◆ Action item ◆
With the pictures left out, copy the listing below exactly.

◆ Materials provided ◆
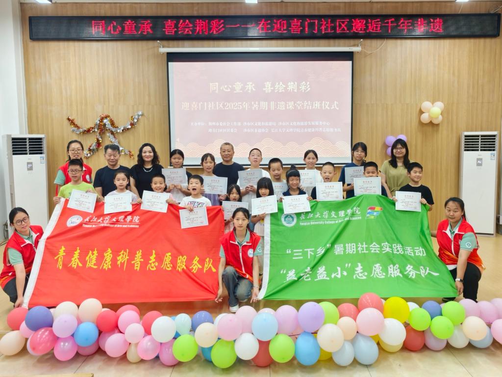 “我宣布,迎喜门社区2025年暑期‘同心童承,喜绘荆彩’非遗学堂正式结营!”在龚箐书记的宣布声中,全场响起持久的掌声。随后,学员、家长、志愿者与领导们齐聚舞台,拉起“太阳集团tyc9728青春健康科普志愿服务队”与“益老益小'志愿者服务队”,在镜头前留下充满意义的大合影。
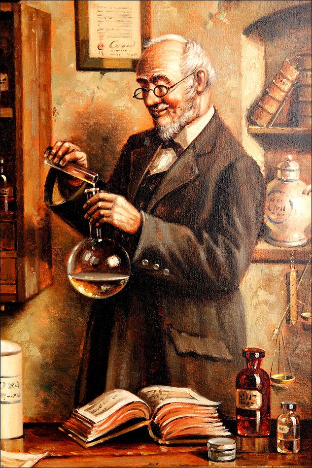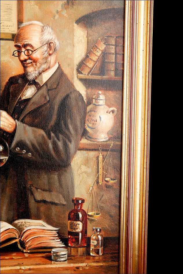 La obra muestra a un antiguo farmacéutico trabajando en su laboratorio. Por su atuendo y por el entorno que rodea al personaje, es evidente que la escena está ambientada a finales del siglo XIX. El farmacéutico está situado a la izquierda del cuadro y se encuentra vertiendo un líquido contenido dentro de una probeta dentro de un matraz. Llama la atención el rostro sonriente, a la par que concentrado, del personaje protagonista de la obra. El laboratorio es una habitación con paredes deslustradas, una gran mesa de trabajo, un mueble de pared, una estantería y el diploma que indica la profesión del personaje.
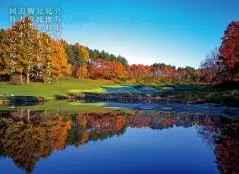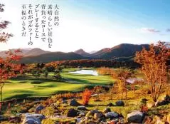 緑一色のコースも鮮明で清々しいが、どこか哀愁のこもった眩しい黄金色に染まった枯葉の透明感や、山ぎわを紅く染める一葉の存在感が、一打を放つ白球の放物線を際立たせてくれる。
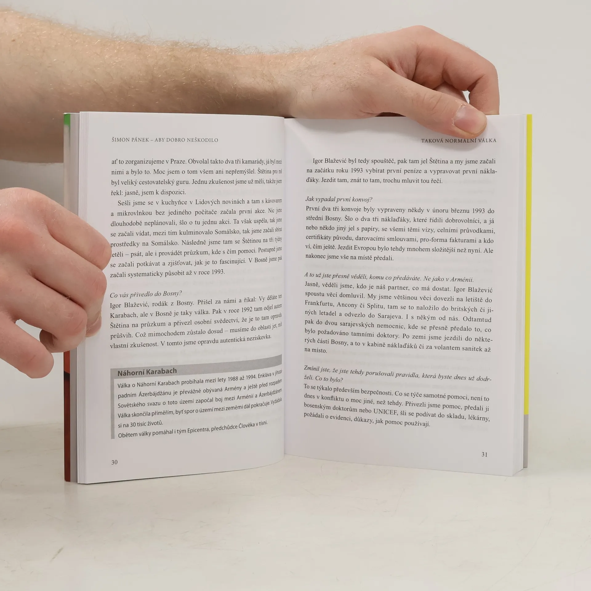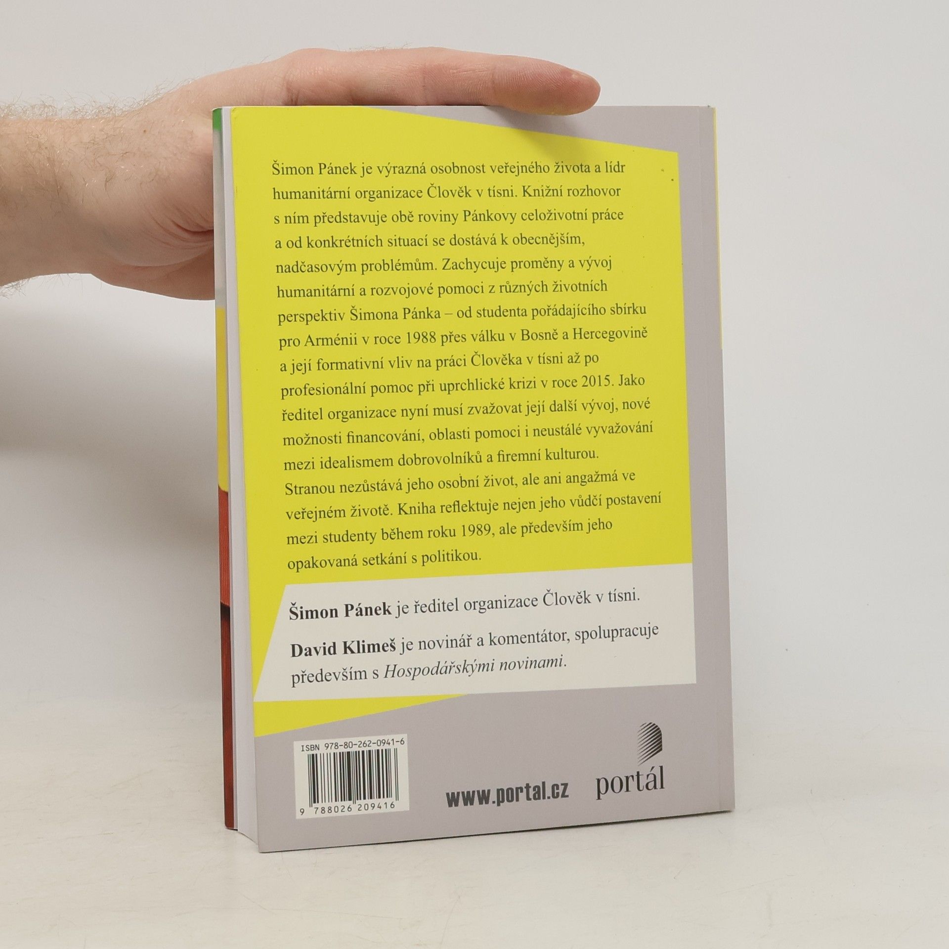 Šimon Pánek je výrazná osobnost veřejného života a humanitární manažer. Knižní rozhovor představuje obě roviny jeho celoživotní práce a od konkrétních životních situací se dostává k obecnějším, nadčasovým problémům. Rozhovor zachycuje proměny a vývoj humanitární pomoci z různých životních perspektiv Šimona Pánka – od studenta pořádajícího sbírku pro Arménii v roce 1988 přes vznik Nadace Lidových novin až po profesionální pomoc prostřednictvím Člověka v tísni. Jako řídící manažer Člověka v tísni nyní musí zvažovat další vývoj organizace, nové možnosti financování, nové oblasti pomoci i neustálé vyvažování mezi idealismem dobrovolníků a firemní kulturou. Stranou nezůstává ani jeho angažmá ve veřejném životě. Kniha reflektuje nejen jeho vůdčí postavení mezi studenty během roku 1989, ale především jeho opakované návraty k politice, které však dosud nikdy neskončily kandidaturou na politickou funkci. Šimon Pánek je ředitel organizace Člověk v tísni. David Klimeš je novinář a komentátor, spolupracuje hlavně s Hospodářskými novinami.
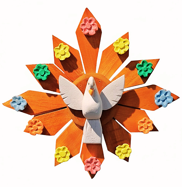 O acabamento do Divino é de primeira linha. As flores, o divino e o resplendor são entalhados, lixados e delicadamente pintados um a um. A peça possui um gancho simples atrás para ser pendurado. Informações adicionais Cada projeto é único, o que faz desse quadro uma peça exclusiva. É tudo feito com muito amor e muita dedicação. Não é por acaso que o artesanato mineiro já é referência nacional e a cada dia tem alcançado um maior número de pessoas apaixonadas pelo trabalho manual de qualidade, feito para ser visto como uma verdadeira obra de arte.
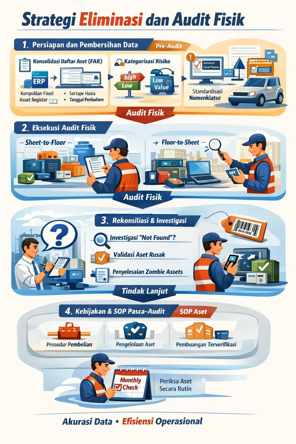 - Penyelesaian Zombie Assets: Untuk aset yang ditemukan tapi tidak ada di daftar, telusuri bukti pembelian atau sejarah perolehannya untuk dimasukkan kembali ke dalam buku (reinstatement).
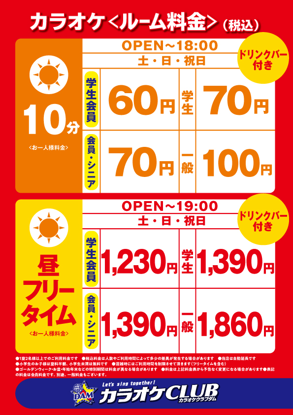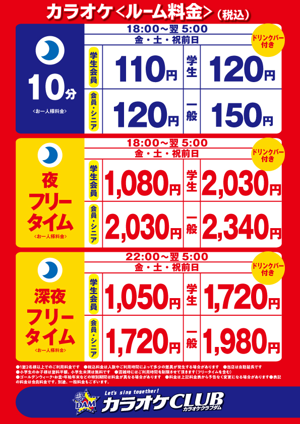 ※当店は会員・一般で料金体系が異なります。 会員カードは全国のカラオケCLUBでご利用いただけます。
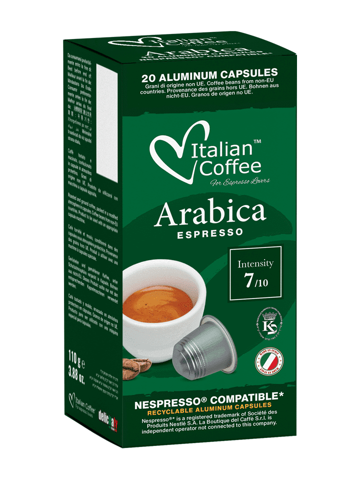 Balenie obsahuje 20 hliníkových kapsúl s praženou a mletou kávou. Kapsuly kompatibilné so systémom Nespresso. Arabica je jednou z najznámejších a najcennejších odrôd kávy na svete. Vyznačuje sa jemnou, sladkokyslou chuťou, ktorá pomaly uvoľňuje tóny kakaa a vanilky. Arabica je tiež cenená po celom svete pre svoju nízku hladinu kofeínu a môžete ju piť, kedykoľvek chcete, dokonca aj neskoro popoludní. Taliansku Arabicu strednej intenzity určite ocenia milovníci kávy. Bude ideálny na stimuláciu ráno a bude dobre fungovať aj počas dňa. Jedinečná forma kapsúl je neuveriteľne pohodlná a ľahko sa pripravuje.
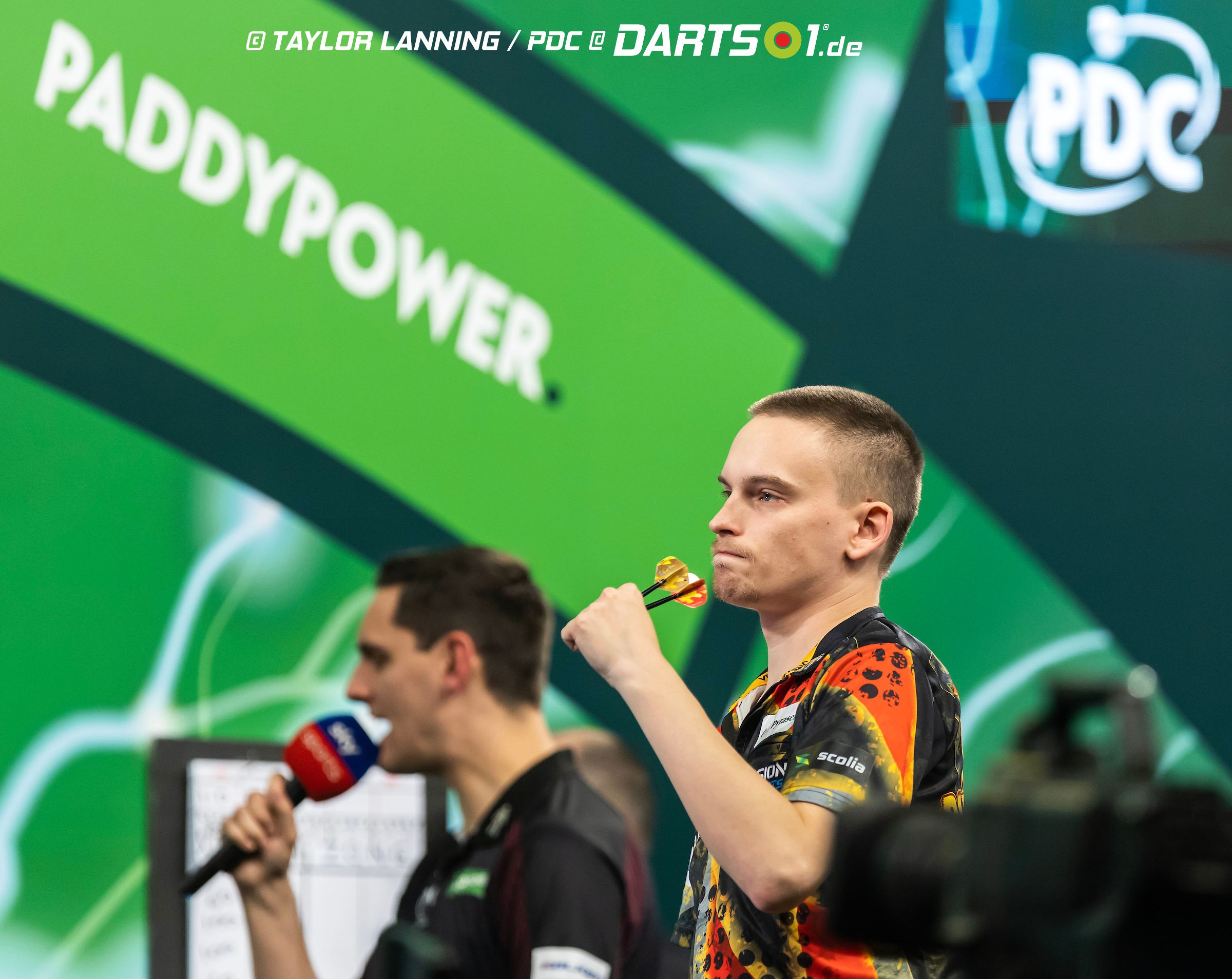 Aus deutscher Sicht folgte als nächstes der vorläufige Höhepunkte des Abends: der erste Auftritt von Ricardo Pietreczko, der bei der letzten WM, Luke Humphries an den Rande einer Niederlage gespielt hatte, bevor „Cool Hand, Luke“ zu einem phänomenalen Comeback ansetzte und das Match doch noch zu seinen Gunsten drehte. Ricardo Pietreczko hatte am heutigen Abend verraten, dass er bei Duellen gegen asiatische Gegner immer enorm angespannt sei, weil er die Menschen jener höflich gesitteten Ethnizität besonders gern mag, die Sympathiebekundung übe aber gerade deswegen einen zusätzlichen Druck auf ihn aus. Im letzten Jahr hätte er schon darunter gelitten, in der ersten Runde ausgerechnet gegen die Japanerin Mikuru Suzuki antreten zu müssen und auch dieses Jahr stand mit dem Chinesen Xiao-Chen Zong wieder ein asiatischer Sympathieträger gegenüber.

◆ Completed exercise ◆
 “我宣布,迎喜门社区2025年暑期‘同心童承,喜绘荆彩’非遗学堂正式结营!”在龚箐书记的宣布声中,全场响起持久的掌声。随后,学员、家长、志愿者与领导们齐聚舞台,拉起“太阳集团tyc9728青春健康科普志愿服务队”与“益老益小'志愿者服务队”,在镜头前留下充满意义的大合影。
 La obra muestra a un antiguo farmacéutico trabajando en su laboratorio. Por su atuendo y por el entorno que rodea al personaje, es evidente que la escena está ambientada a finales del siglo XIX. El farmacéutico está situado a la izquierda del cuadro y se encuentra vertiendo un líquido contenido dentro de una probeta dentro de un matraz. Llama la atención el rostro sonriente, a la par que concentrado, del personaje protagonista de la obra. El laboratorio es una habitación con paredes deslustradas, una gran mesa de trabajo, un mueble de pared, una estantería y el diploma que indica la profesión del personaje.
 緑一色のコースも鮮明で清々しいが、どこか哀愁のこもった眩しい黄金色に染まった枯葉の透明感や、山ぎわを紅く染める一葉の存在感が、一打を放つ白球の放物線を際立たせてくれる。
 Šimon Pánek je výrazná osobnost veřejného života a humanitární manažer. Knižní rozhovor představuje obě roviny jeho celoživotní práce a od konkrétních životních situací se dostává k obecnějším, nadčasovým problémům. Rozhovor zachycuje proměny a vývoj humanitární pomoci z různých životních perspektiv Šimona Pánka – od studenta pořádajícího sbírku pro Arménii v roce 1988 přes vznik Nadace Lidových novin až po profesionální pomoc prostřednictvím Člověka v tísni. Jako řídící manažer Člověka v tísni nyní musí zvažovat další vývoj organizace, nové možnosti financování, nové oblasti pomoci i neustálé vyvažování mezi idealismem dobrovolníků a firemní kulturou. Stranou nezůstává ani jeho angažmá ve veřejném životě. Kniha reflektuje nejen jeho vůdčí postavení mezi studenty během roku 1989, ale především jeho opakované návraty k politice, které však dosud nikdy neskončily kandidaturou na politickou funkci. Šimon Pánek je ředitel organizace Člověk v tísni. David Klimeš je novinář a komentátor, spolupracuje hlavně s Hospodářskými novinami.
 O acabamento do Divino é de primeira linha. As flores, o divino e o resplendor são entalhados, lixados e delicadamente pintados um a um. A peça possui um gancho simples atrás para ser pendurado. Informações adicionais Cada projeto é único, o que faz desse quadro uma peça exclusiva. É tudo feito com muito amor e muita dedicação. Não é por acaso que o artesanato mineiro já é referência nacional e a cada dia tem alcançado um maior número de pessoas apaixonadas pelo trabalho manual de qualidade, feito para ser visto como uma verdadeira obra de arte.
 - Penyelesaian Zombie Assets: Untuk aset yang ditemukan tapi tidak ada di daftar, telusuri bukti pembelian atau sejarah perolehannya untuk dimasukkan kembali ke dalam buku (reinstatement).
 ※当店は会員・一般で料金体系が異なります。 会員カードは全国のカラオケCLUBでご利用いただけます。
 Balenie obsahuje 20 hliníkových kapsúl s praženou a mletou kávou. Kapsuly kompatibilné so systémom Nespresso. Arabica je jednou z najznámejších a najcennejších odrôd kávy na svete. Vyznačuje sa jemnou, sladkokyslou chuťou, ktorá pomaly uvoľňuje tóny kakaa a vanilky. Arabica je tiež cenená po celom svete pre svoju nízku hladinu kofeínu a môžete ju piť, kedykoľvek chcete, dokonca aj neskoro popoludní. Taliansku Arabicu strednej intenzity určite ocenia milovníci kávy. Bude ideálny na stimuláciu ráno a bude dobre fungovať aj počas dňa. Jedinečná forma kapsúl je neuveriteľne pohodlná a ľahko sa pripravuje.
 Aus deutscher Sicht folgte als nächstes der vorläufige Höhepunkte des Abends: der erste Auftritt von Ricardo Pietreczko, der bei der letzten WM, Luke Humphries an den Rande einer Niederlage gespielt hatte, bevor „Cool Hand, Luke“ zu einem phänomenalen Comeback ansetzte und das Match doch noch zu seinen Gunsten drehte. Ricardo Pietreczko hatte am heutigen Abend verraten, dass er bei Duellen gegen asiatische Gegner immer enorm angespannt sei, weil er die Menschen jener höflich gesitteten Ethnizität besonders gern mag, die Sympathiebekundung übe aber gerade deswegen einen zusätzlichen Druck auf ihn aus. Im letzten Jahr hätte er schon darunter gelitten, in der ersten Runde ausgerechnet gegen die Japanerin Mikuru Suzuki antreten zu müssen und auch dieses Jahr stand mit dem Chinesen Xiao-Chen Zong wieder ein asiatischer Sympathieträger gegenüber.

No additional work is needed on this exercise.